In my opinion handling complex reports like this requires as significant effort by both the triaging team and the reporter. As someone who has worked on the triaging team before, I’ll try address your points as good as I can.
I often encounter more complex scenes in commercial production scenarios that are full of interdependent issues. In current case, the scene has about 6 objects with complex modifier stacks which take several dozens of seconds to calculate. This results in Blender freezing for about half a minute.
This sounds like the issue is easily reproducible from a triaging perspective, but there needs to be a good reason why the modifier stack evaluation that causes freezes in combination with heavy use of modifiers is a bug. Performance issues are generally not triaged as bugs.
Refreshes of these modifier stacks are caused by seemingly random things, for example turning off a collection that has absolutely nothing to do with those objects, or adding a new material onto an object completely unrelated to those objects. Or duplicating it. There are numerous different action that seem to trigger update of modifier stack on completely unrelated objects. At some point, the .blend file becomes more or less unusable because doing pretty much anything freezes Blender for over half a minute.
This may be a consequence of Blender’s design that you are not aware of and doesn’t necessarily have to be a bug. Performance issues can have a variety of reasons and addressing them can be quite complex. Based on your description I cannot say whether or not it actually is a bug, but you could ask developers of the relevant modules if the behavior you’re seeing is expected. If it isn’t, then we will try to find a way to address this.
(Note: In my original answer I misread this paragraph and therefore assumed a different cause)

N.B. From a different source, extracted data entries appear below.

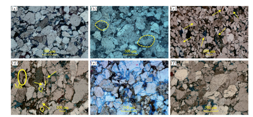 下载原图 图 4 莺歌海盆地LD10区新近系梅山组—黄流组压实作用微观照片 (a)颗粒为点—线接触,LD10-1-S井,4 109.0 m;(b)颗粒间呈凹凸接触(黄色圈),LD10-2-X井,4 137.9 m;(c)压实作用造成云母呈压扁状(黄色箭头),LD10-1-T井,4 090.0 m;(d)云母弯曲变形,颗粒破裂,发育粒内缝,LD10-1-T井,4 066.3 m;(e)脆性颗粒碎裂,发育粒内缝,LD10-1-T井,4 249.0 m;(f)颗粒定向排列,LD10-1-T井,4 080.0 m。 Fig. 4 Microscopic photos shows the compaction characteristics of Neogene Meishan-Huangliu Formation in LD10 area, Yinggehai Basin |
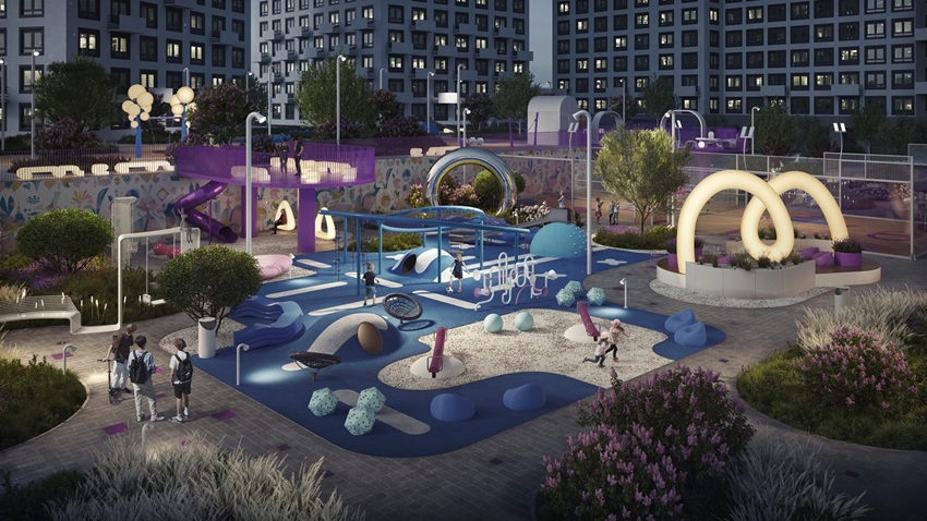 На первых этажах разместятся общественные зоны, включая комьюнити-центр «Сценариум», библиотеку, коворкинг, кинозону и детскую игровую территорию «Игрополис». Во дворе появятся прогулочные аллеи, зоны отдыха, амфитеатр, арт-объект «Световая спираль» и смотровые площадки. Для удобства жителей предусмотрен подземный паркинг с кладовыми.
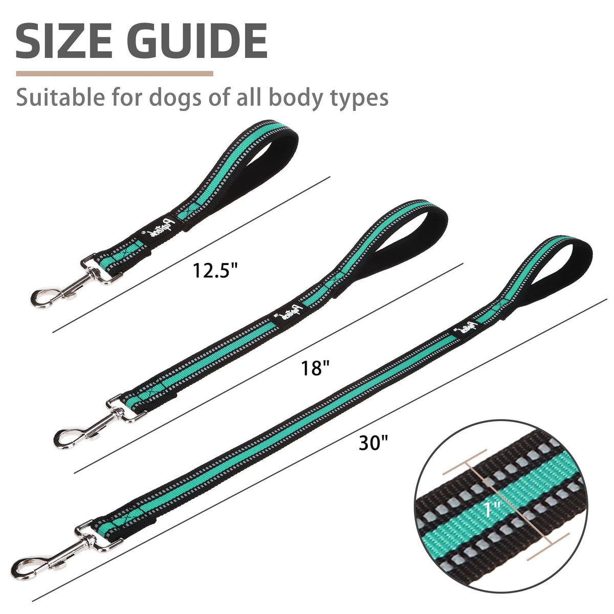 Pupteck Reflective Short Dog Leash - 3 Packs 2.5Ft/ 1.5Ft/ 1Ft Nylon Dog Leash With Strong Clip, And Soft Padded Handle, Durable Training Leash For Small Medium Large Dogs Cats Walking Outside, Green

It is required to always report only one thing per report, so all the different things that can incorrectly trigger the modifier stack refresh would have to be reported as separate issues.
There is no need to file different reports if the underlying issue is obviously the same. The important part is that there needs to be at least one way to reliably reproduce the bug.

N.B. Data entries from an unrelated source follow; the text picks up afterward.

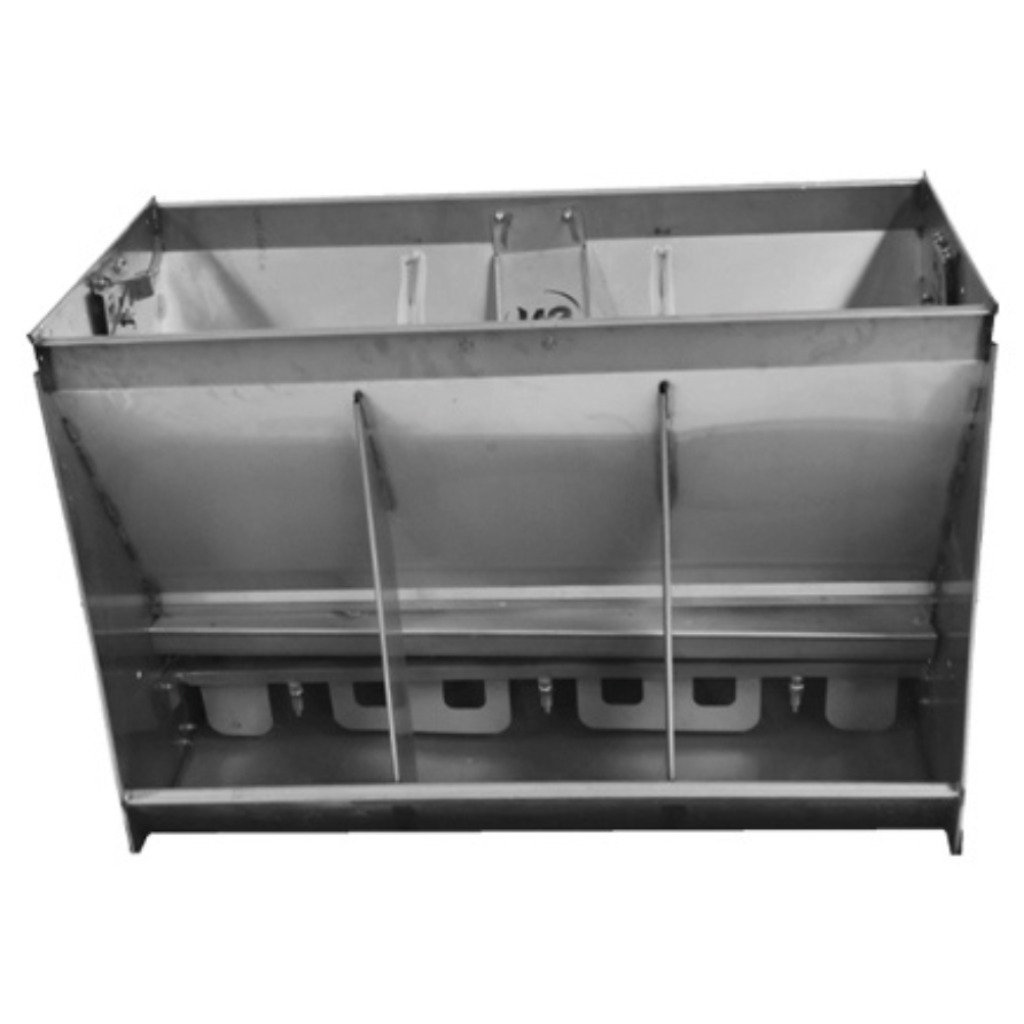 Comederos para destete, engorda y WTF. La mejor opción en comederos en el mercado. Fabricados en acero inoxidable Seco, Seco-húmedo de 3 bocas dobles, fácil de limpiar.
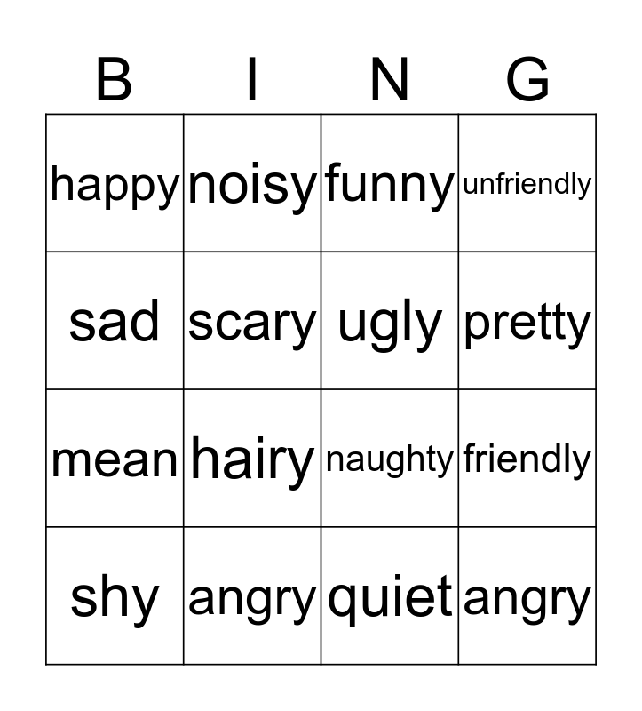 This bingo card has 16 words: angry, friendly, funny, happy, mean, noisy, naughty, quiet, sad, scary, shy, unfriendly, hairy, pretty, ugly and angry.
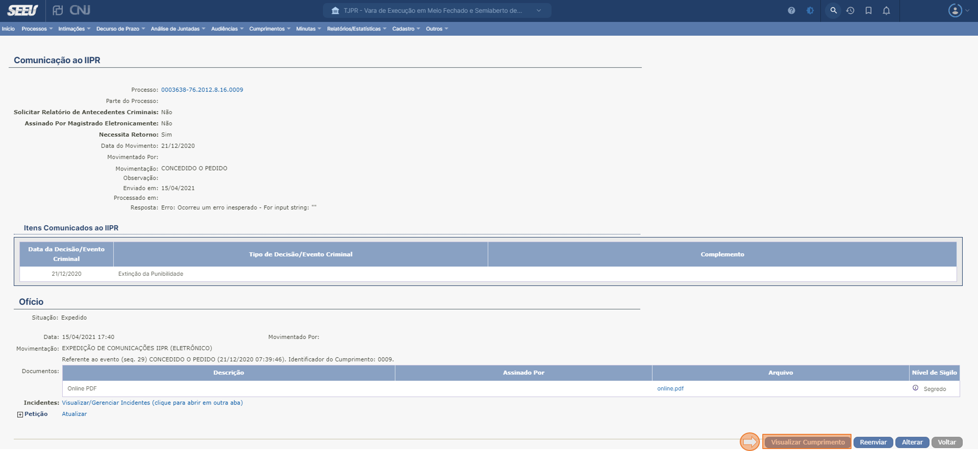 • Para retornar a tela de cancelamento de IIPR selecione Visualizar Cumprimento.
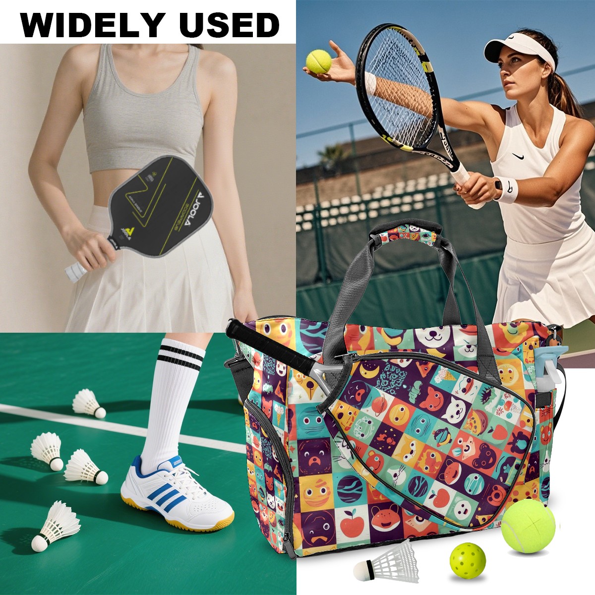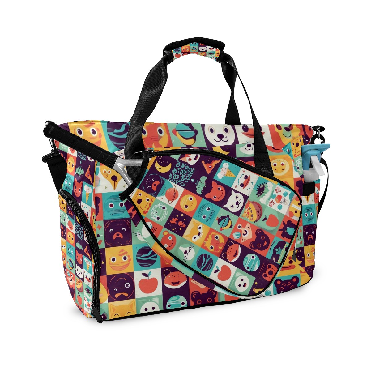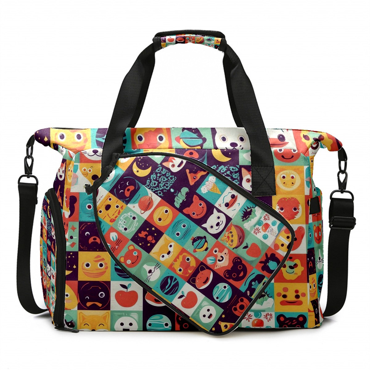 Women's Tennis Bag Large Capacity - Ventilated Shoe Compartment & Waterproof Wet Pocket, Multi-Functional Gym Duffel Bag for Tennis, Yoga, Travel (Colorful Cartoon Multi)

There is no mechanism for sharing files that are under NDA
That is correct. Depending on the issue, you may be able to replace the meshes with different ones that still allow to reproduce the bug which would avoid the NDA problem in this instance. If that doesn’t work, you should try to take a look at the original mesh and check in what way it is different to the replacement (non-manifold, degenerated faces, topology, …). This may already provide a starting point for further investigation.
Since the file should be limited to parts absolutely necessary to reproduce the problem, it is usually possible to remove or replace content that is covered by the NDA. I do understand that this does require a significant amount of work from the person preparing the report though.
There is no mechanism sharing large files
On the bug tracker itself this is intentional for two reasons:
- Most bugs really don’t need large files and the reporter should try to narrow the cause down as much as possible instead of handing the triaging team a file that contains hundreds of things completely unrelated to the issue. This makes triaging unnecessarily difficult and time consuming. It is in the reporters own interest to provide a simple file that allows to reproduce the issue to keep the triaging process efficient. There may be cases where it’s really not possible to remove or simplify anything, but those are quite rare. In those exceptional circumstance it’s a good idea to have a chat with the triaging team to coordinate. If the issue is only reproducible in that very specific project, but it allows to reproduce the issue reliably, then it might still get accepted.
- Disk space is limited and the infrastructure couldn’t handle it if everybody starts to upload files that are multiple gigabyte in size.
If it is absolutely necessary, then there are ways outside of bug tracker for hosting such files. However, if the triaging team accepts those reports is decided on a case by case basis.
There is no mechanism for interaction with the bug triage staff in real time, since issues of this complexity can rarely be showcased by just a linear list of steps.
That’s not entirely true. While we don’t provide 24/7h phone or chat support, but we can all be contacted on https://blender.chat/ and we have a dedicated channel #blender-triagers. This channel is not meant for user support, it’s for the internal organization of the triaging team. However, if a complex bug situation needs coordination with the team there is the possibility to reach out either to the entire team or specific members.
In general it sounds like you are looking for enterprise customer support, which Blender doesn’t offer. The good news is that Canonical’s support appears to provide pretty much what you’re looking for.
This means you will either have to do your best to provide us with a manageable example file that you can share without breaking the NDA and coordinate with the triaging team or you / your company could sign a contract with Canonical for commercial support.